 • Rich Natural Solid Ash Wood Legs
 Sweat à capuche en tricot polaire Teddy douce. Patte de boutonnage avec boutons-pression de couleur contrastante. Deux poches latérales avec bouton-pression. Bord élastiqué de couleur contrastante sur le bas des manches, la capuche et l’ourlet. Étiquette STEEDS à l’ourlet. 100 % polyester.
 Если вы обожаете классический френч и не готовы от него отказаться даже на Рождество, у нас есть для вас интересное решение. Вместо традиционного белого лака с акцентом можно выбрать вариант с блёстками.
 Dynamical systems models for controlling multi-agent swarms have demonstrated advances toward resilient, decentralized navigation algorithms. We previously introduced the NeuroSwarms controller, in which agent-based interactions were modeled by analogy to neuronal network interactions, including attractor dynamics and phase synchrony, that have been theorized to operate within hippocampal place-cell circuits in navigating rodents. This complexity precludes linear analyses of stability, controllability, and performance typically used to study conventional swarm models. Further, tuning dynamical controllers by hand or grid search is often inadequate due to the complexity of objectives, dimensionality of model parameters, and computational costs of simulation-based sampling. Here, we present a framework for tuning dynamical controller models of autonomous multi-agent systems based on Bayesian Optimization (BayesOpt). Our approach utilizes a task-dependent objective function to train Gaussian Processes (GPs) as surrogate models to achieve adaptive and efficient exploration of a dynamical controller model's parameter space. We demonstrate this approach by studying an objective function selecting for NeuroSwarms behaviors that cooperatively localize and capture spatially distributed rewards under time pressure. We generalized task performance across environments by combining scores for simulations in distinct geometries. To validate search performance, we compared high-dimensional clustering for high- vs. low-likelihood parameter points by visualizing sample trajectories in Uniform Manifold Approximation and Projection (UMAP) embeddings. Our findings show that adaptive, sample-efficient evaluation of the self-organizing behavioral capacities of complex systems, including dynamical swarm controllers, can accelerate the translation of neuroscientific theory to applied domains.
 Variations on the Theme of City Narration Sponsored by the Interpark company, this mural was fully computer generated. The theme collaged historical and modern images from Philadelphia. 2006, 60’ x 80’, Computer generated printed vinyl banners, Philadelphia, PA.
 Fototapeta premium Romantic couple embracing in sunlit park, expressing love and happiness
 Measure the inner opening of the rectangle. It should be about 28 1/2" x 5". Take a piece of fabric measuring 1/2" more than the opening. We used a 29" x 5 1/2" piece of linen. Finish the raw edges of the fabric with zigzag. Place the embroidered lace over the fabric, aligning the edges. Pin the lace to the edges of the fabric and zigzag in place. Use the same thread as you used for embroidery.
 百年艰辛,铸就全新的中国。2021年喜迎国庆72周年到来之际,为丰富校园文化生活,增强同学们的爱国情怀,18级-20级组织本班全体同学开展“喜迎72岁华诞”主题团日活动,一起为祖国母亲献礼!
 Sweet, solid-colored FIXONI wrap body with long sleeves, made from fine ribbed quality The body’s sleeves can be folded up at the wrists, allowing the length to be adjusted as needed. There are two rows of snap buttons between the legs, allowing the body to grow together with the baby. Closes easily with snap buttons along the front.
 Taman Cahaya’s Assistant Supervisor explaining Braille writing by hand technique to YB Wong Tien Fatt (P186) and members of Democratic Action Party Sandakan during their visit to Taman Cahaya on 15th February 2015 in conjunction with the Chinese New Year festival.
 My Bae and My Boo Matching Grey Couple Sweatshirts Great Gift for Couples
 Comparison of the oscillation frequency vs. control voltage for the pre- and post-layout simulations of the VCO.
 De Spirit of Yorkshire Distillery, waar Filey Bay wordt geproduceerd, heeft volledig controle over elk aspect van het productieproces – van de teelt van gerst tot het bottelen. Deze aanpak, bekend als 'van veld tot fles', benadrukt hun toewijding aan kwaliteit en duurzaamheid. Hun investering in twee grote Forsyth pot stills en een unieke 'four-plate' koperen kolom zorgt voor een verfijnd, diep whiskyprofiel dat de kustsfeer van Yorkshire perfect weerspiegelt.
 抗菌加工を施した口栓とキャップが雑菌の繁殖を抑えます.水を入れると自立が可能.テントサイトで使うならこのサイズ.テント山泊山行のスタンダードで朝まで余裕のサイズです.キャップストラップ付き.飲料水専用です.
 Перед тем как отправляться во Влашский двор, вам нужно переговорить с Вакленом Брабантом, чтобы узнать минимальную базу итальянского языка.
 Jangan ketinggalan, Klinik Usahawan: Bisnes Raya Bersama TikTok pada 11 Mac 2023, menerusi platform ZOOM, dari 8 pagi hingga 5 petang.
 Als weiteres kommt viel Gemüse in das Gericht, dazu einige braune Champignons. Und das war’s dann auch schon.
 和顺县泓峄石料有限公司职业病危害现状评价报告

● ● ● ● ● ● ●

Required work ▸ Restate all the material above, keeping each word as it is.

Exercise solution ▸
 • Rich Natural Solid Ash Wood Legs
 Sweat à capuche en tricot polaire Teddy douce. Patte de boutonnage avec boutons-pression de couleur contrastante. Deux poches latérales avec bouton-pression. Bord élastiqué de couleur contrastante sur le bas des manches, la capuche et l’ourlet. Étiquette STEEDS à l’ourlet. 100 % polyester.
 Если вы обожаете классический френч и не готовы от него отказаться даже на Рождество, у нас есть для вас интересное решение. Вместо традиционного белого лака с акцентом можно выбрать вариант с блёстками.
 Dynamical systems models for controlling multi-agent swarms have demonstrated advances toward resilient, decentralized navigation algorithms. We previously introduced the NeuroSwarms controller, in which agent-based interactions were modeled by analogy to neuronal network interactions, including attractor dynamics and phase synchrony, that have been theorized to operate within hippocampal place-cell circuits in navigating rodents. This complexity precludes linear analyses of stability, controllability, and performance typically used to study conventional swarm models. Further, tuning dynamical controllers by hand or grid search is often inadequate due to the complexity of objectives, dimensionality of model parameters, and computational costs of simulation-based sampling. Here, we present a framework for tuning dynamical controller models of autonomous multi-agent systems based on Bayesian Optimization (BayesOpt). Our approach utilizes a task-dependent objective function to train Gaussian Processes (GPs) as surrogate models to achieve adaptive and efficient exploration of a dynamical controller model's parameter space. We demonstrate this approach by studying an objective function selecting for NeuroSwarms behaviors that cooperatively localize and capture spatially distributed rewards under time pressure. We generalized task performance across environments by combining scores for simulations in distinct geometries. To validate search performance, we compared high-dimensional clustering for high- vs. low-likelihood parameter points by visualizing sample trajectories in Uniform Manifold Approximation and Projection (UMAP) embeddings. Our findings show that adaptive, sample-efficient evaluation of the self-organizing behavioral capacities of complex systems, including dynamical swarm controllers, can accelerate the translation of neuroscientific theory to applied domains.
 Variations on the Theme of City Narration Sponsored by the Interpark company, this mural was fully computer generated. The theme collaged historical and modern images from Philadelphia. 2006, 60’ x 80’, Computer generated printed vinyl banners, Philadelphia, PA.
 Fototapeta premium Romantic couple embracing in sunlit park, expressing love and happiness
 Measure the inner opening of the rectangle. It should be about 28 1/2" x 5". Take a piece of fabric measuring 1/2" more than the opening. We used a 29" x 5 1/2" piece of linen. Finish the raw edges of the fabric with zigzag. Place the embroidered lace over the fabric, aligning the edges. Pin the lace to the edges of the fabric and zigzag in place. Use the same thread as you used for embroidery.
 百年艰辛,铸就全新的中国。2021年喜迎国庆72周年到来之际,为丰富校园文化生活,增强同学们的爱国情怀,18级-20级组织本班全体同学开展“喜迎72岁华诞”主题团日活动,一起为祖国母亲献礼!
 Sweet, solid-colored FIXONI wrap body with long sleeves, made from fine ribbed quality The body’s sleeves can be folded up at the wrists, allowing the length to be adjusted as needed. There are two rows of snap buttons between the legs, allowing the body to grow together with the baby. Closes easily with snap buttons along the front.
 Taman Cahaya’s Assistant Supervisor explaining Braille writing by hand technique to YB Wong Tien Fatt (P186) and members of Democratic Action Party Sandakan during their visit to Taman Cahaya on 15th February 2015 in conjunction with the Chinese New Year festival.
 My Bae and My Boo Matching Grey Couple Sweatshirts Great Gift for Couples
 Comparison of the oscillation frequency vs. control voltage for the pre- and post-layout simulations of the VCO.
 De Spirit of Yorkshire Distillery, waar Filey Bay wordt geproduceerd, heeft volledig controle over elk aspect van het productieproces – van de teelt van gerst tot het bottelen. Deze aanpak, bekend als 'van veld tot fles', benadrukt hun toewijding aan kwaliteit en duurzaamheid. Hun investering in twee grote Forsyth pot stills en een unieke 'four-plate' koperen kolom zorgt voor een verfijnd, diep whiskyprofiel dat de kustsfeer van Yorkshire perfect weerspiegelt.
 抗菌加工を施した口栓とキャップが雑菌の繁殖を抑えます.水を入れると自立が可能.テントサイトで使うならこのサイズ.テント山泊山行のスタンダードで朝まで余裕のサイズです.キャップストラップ付き.飲料水専用です.
 Перед тем как отправляться во Влашский двор, вам нужно переговорить с Вакленом Брабантом, чтобы узнать минимальную базу итальянского языка.
 Jangan ketinggalan, Klinik Usahawan: Bisnes Raya Bersama TikTok pada 11 Mac 2023, menerusi platform ZOOM, dari 8 pagi hingga 5 petang.
 Als weiteres kommt viel Gemüse in das Gericht, dazu einige braune Champignons. Und das war’s dann auch schon.
 和顺县泓峄石料有限公司职业病危害现状评价报告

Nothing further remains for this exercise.